This Kit provide a rapid, silica based method for high-purity plasmid DNA extraction, using a sample volume of 1-3ml per reaction.
Principle: mini spin column (silica matrix)
Sample size: 1 ~ 5 ml
Size of plasmid or construct: < 15 kb
Operation time: < 25 minutes
Typical Yield: 20 ~ 30 µg
Binding capacity: 60 µg/ column
Column applicability: centrifugation and vaccum
Kit include :
- FAPD 1 Buffer 25 ml
- FAPD 2 Buffer 25 ml
- FAPD3 Buffer 35 ml
- W1 Buffer Wash Buffer (conc.) 20 ml
- Elution Buffer 15 ml
- RNase A 2.5 mg
- FAPD Columns 100 pcs
- 2 ml Collection Tube 100 pcs
Phenol-free, Solvent-free, ambient friendly .

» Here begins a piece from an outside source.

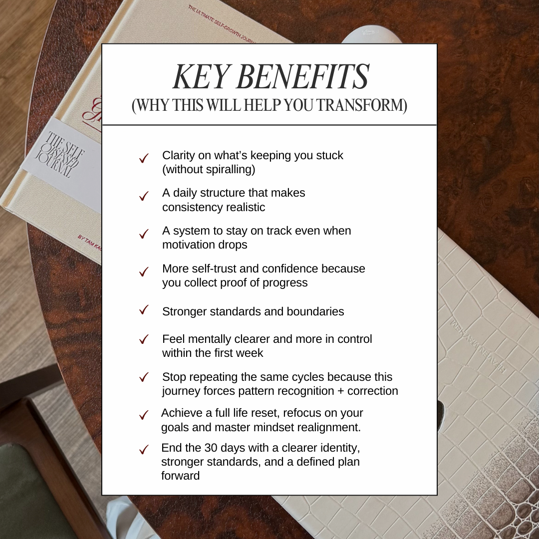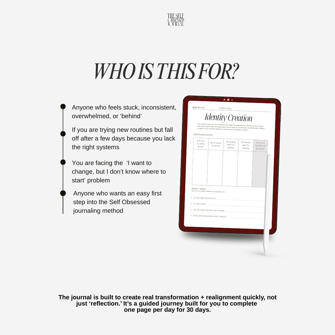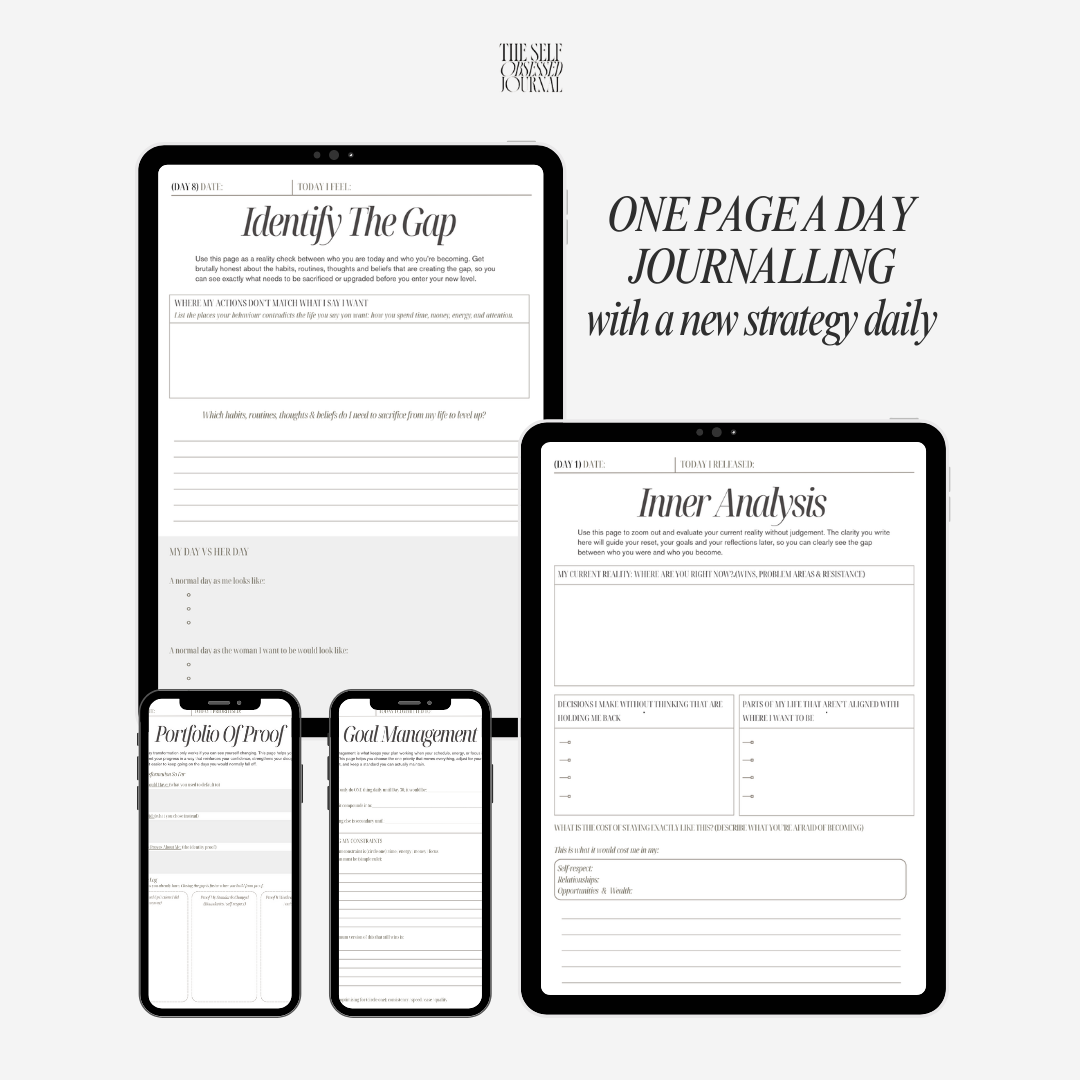Most women don’t need more motivation. They need a system that works on their worst days, not just their best ones. This guided digital journey is designed to help you transform practically through different methods each day to get you out of a slump, shift your identity and solve your limiting patterns. It’s completely separate from our physical journals, offering new, exclusive digital pages. This is the ultimate growth tool built for consistency, self-concept and emotional reality.

1. Store RNase A at -20 °C upon recipit of kit.
2. Add 0.5 ml of FAPD1 Buffer to a RNase A tube, Dissolve the RNase A by vortexing. Briefly spin the tube and transfer the total RNase A mixture back to the FAPD1 bottle, mix well by vortexing and store the FAPD1 buffer at 4 °C.
3. If precipitates have formed in FAPD2 Buffer, warm the buffer in 37°C waterbath to dissolve precipitates.
4. Preparation of W1 Buffer and Wash Buffer by adding 96 ~100% ethanol (not provided) for first use.
5. Centrifugation steps are done by a microcentrifuge capable of the speed at 11,000 ~1,8000 x g.
Store at room temperature (15~ 25 ℃) for 2 year. Except RNAse A Powder, store at -20℃.